Dans votre parcours d’ultradiplômé, on est surpris par
vos deux échecs successifs au concours de l’Ecole normale
supérieure…
Il faut croire que je n’étais pas fait pour ça. J’ai d’ailleurs échoué
dans la matière où j’étais le plus fort : les lettres. La vérité est que
je ne jouais pas le jeu. J’étais trop amoureux pour préparer
sérieusement le concours. Le cœur et la raison sont incompatibles. Je suis d’ailleurs entré en khâgne sans conviction. Je
venais de quitter Amiens, où, en raison de ma vie sentimentale,
ma situation était devenue intenable. Et, comme je suis d’une
famille de médecins et comme je ne voulais pas faire médecine,
je me suis orienté, par conformisme, vers les classes préparatoires à Normale. Or, je n’avais ni l’âme d’un séminariste ni la
vocation d’enseigner.
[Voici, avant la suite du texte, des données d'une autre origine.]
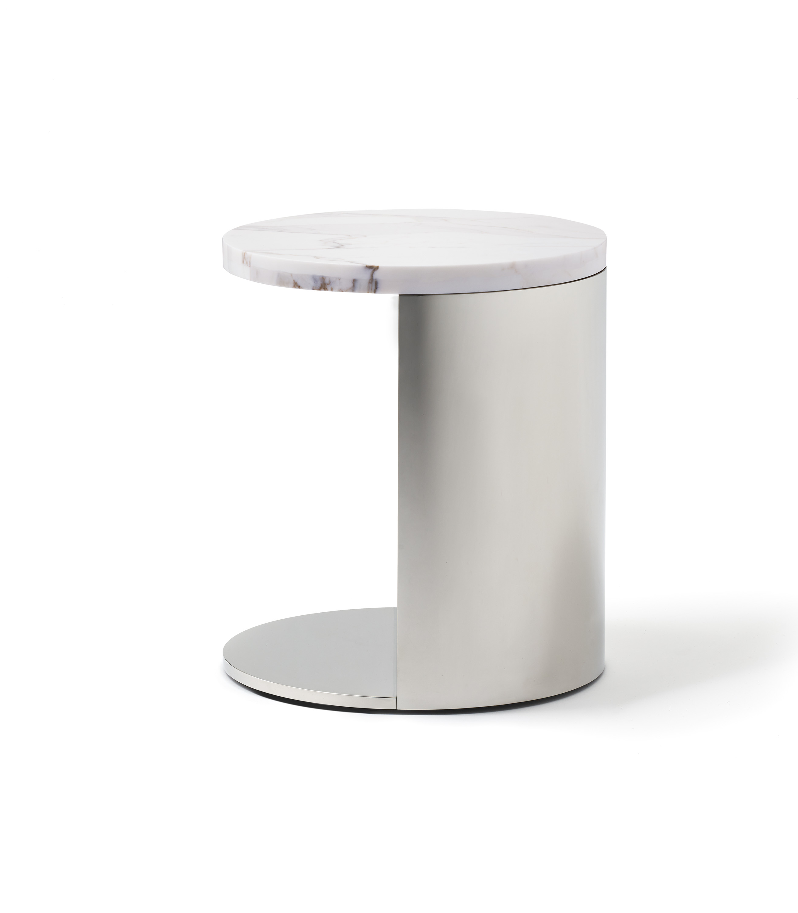 The Powerful C-Table discreetly conceals multiple power options. With its polished stainless steel base, this table gives the illusion of a floating marble top. The top can rotate up to 360 degrees, allowing for a variable layout and exposing plug access for extra functionality. Custom materials and finishes available. 20"L x 20"W x 23"H.

J’avais d’autres vibrations et d’autres aspirations. Très vite, j’ai étouffé sur la montagne Sainte-Geneviève
[où se situe le lycée Henri-IV, NDLR]. Je dois au moins à mes
années de khâgne d’avoir découvert la philosophie et les sciences
économiques et sociales.
Vous connaissez la théorie de Pierre Nora, qui a vécu son
triple échec à Normale comme un traumatisme. Il dit avoir,
jusqu'à l’Académie française, cherché la légitimité intellectuelle que la Rue d’Ulm lui avait refusée.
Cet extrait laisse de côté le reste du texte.